Let $f(k)$ be the number of odd divisors of $k$ and $g(k)$ be the number of even divisors. Define $F(n) = \sum_{k \le n} f(k)$ and $G(n) = \sum_{k \le n} g(k)$. Thus $F(n)$ and $G(n)$ are the total number of odd and even divisors of natural numbers up to $n$. Experimental data show that
$$ \lim_{n \to \infty}\frac{F(n) - G(n)}{n} = \log 2 $$
Question: Is the above limit true?
Motivation: For a different question I had written a program to find length of the period $l_p$ of $1/p$. It is known that $l_p|p-1$ so we only need to search among the divisors of $p_1$ to find the smallest divisor $d$ such that $10^d - 1$ is divisible by $p$. This computation is slow but I observed that overall the program runs much faster if we first scan through even divisors first and only if we do not find a $d$ then we search through odd. This is because about $2/3$ of the divisors of $p-1$ seems to be even.
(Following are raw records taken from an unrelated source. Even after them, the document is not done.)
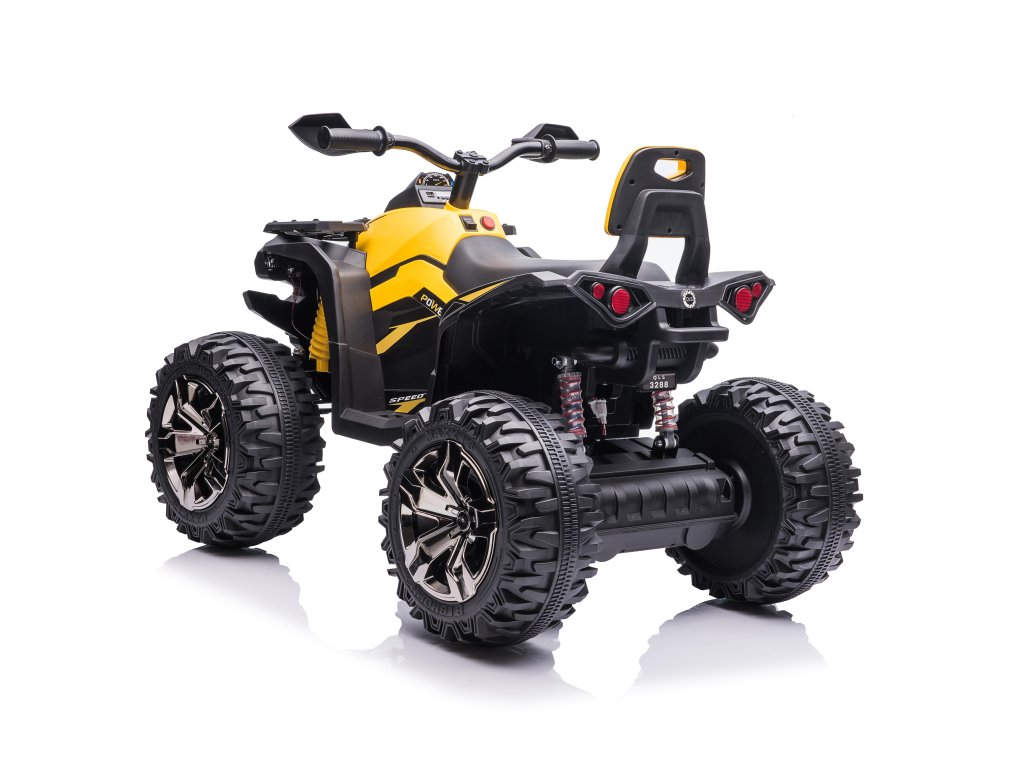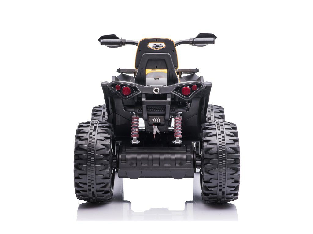 Štvorkolka vás zaujme svojím vybavením ako sú predné LED svetlá a hudobný panel, ktorý má MP3, FM rádio, Bluetooth, vstup pre USB, AUX, SD kartu a tlačidlá s predohranými melódiami a klaksónom. Pri štartovaní budete počuť zvuky motora a vozidlo sa plynule rozbehne aj zastaví.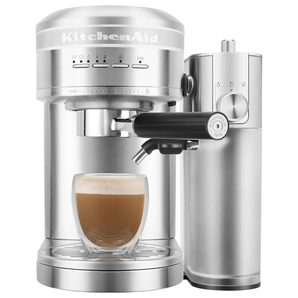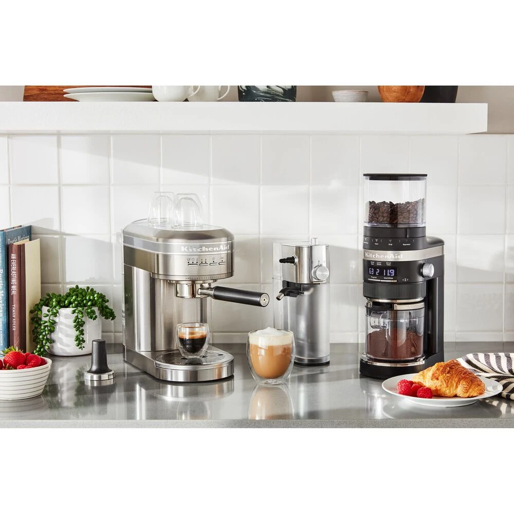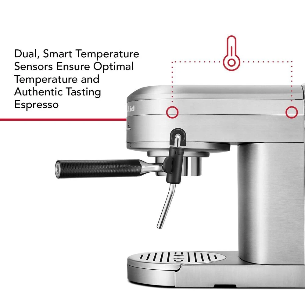 Enjoy espressos, lattes and cappuccinos, just the way you like, with the KitchenAid Metal Semi-Automatic Espresso Machine. This is the first residential espresso machine that features dual, smart temperature sensors, that maintain the perfect brewing temperature shot after shot. The fast-heating thermocoil technology heats water up to the ideal brewing temperature in less 45 seconds. The low pressure pre-infusion and 15-bar Italian pump work together to make a deliciously rich, thick crema.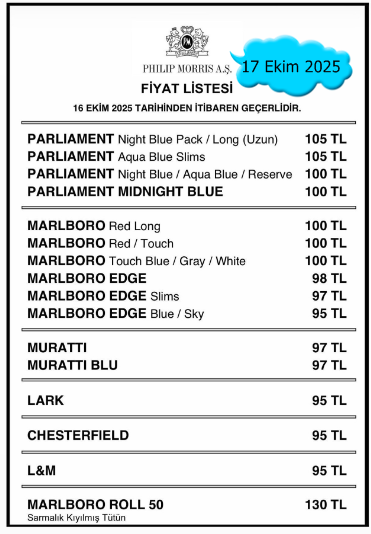 2025 yılı en son yapılan zamdan sonra Ekim ayı Marlboro satış ücreti 95 – 100 TL arasında olmuştur.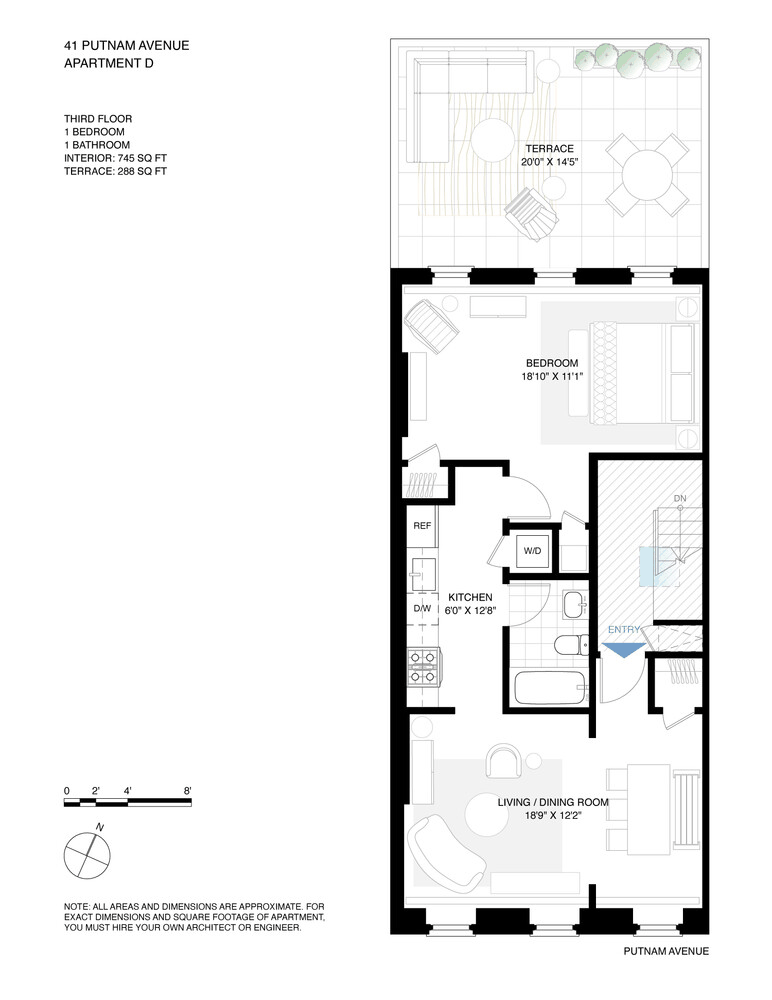 1 Bedrooms 1 Bathroom Private Terrace Sundrenched Living Room Welcome to 41 Putnam Avenue, three residences offering refined living on one of Clinton Hill's best blocks.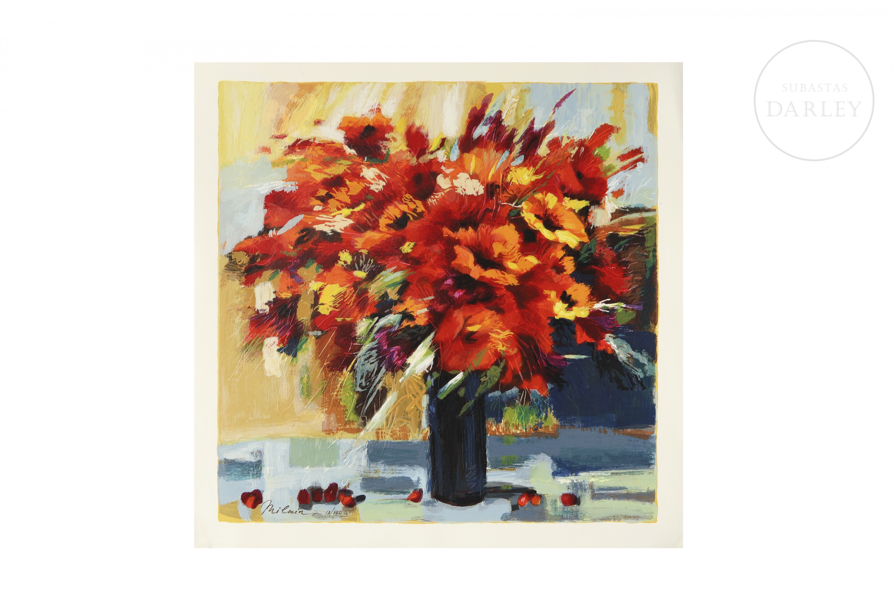 丝网印刷于纸上。当代花卉构图,以暖色调呈现浓密花束。左下角签名:“Milkin”。左下角编号:“13/390”。

This led me to investigate the proportion of odd and even divisors among natural numbers.
Source code:
p = 1
step = target = 10^6
odd = even = 0
while True:
d = divisors(p)
l = len(d)
i = 0
while i < l:
e = d[i]
if e%2 == 1:
odd = odd + 1
else:
even = even + 1
i = i + 1
if even > odd:
print("Found", p, odd, even)
if p >= target:
t = odd + even
print(p, odd, even, odd/t.n(), even/t.n(), (odd - even)/p.n())
target = target + step
p = p + 1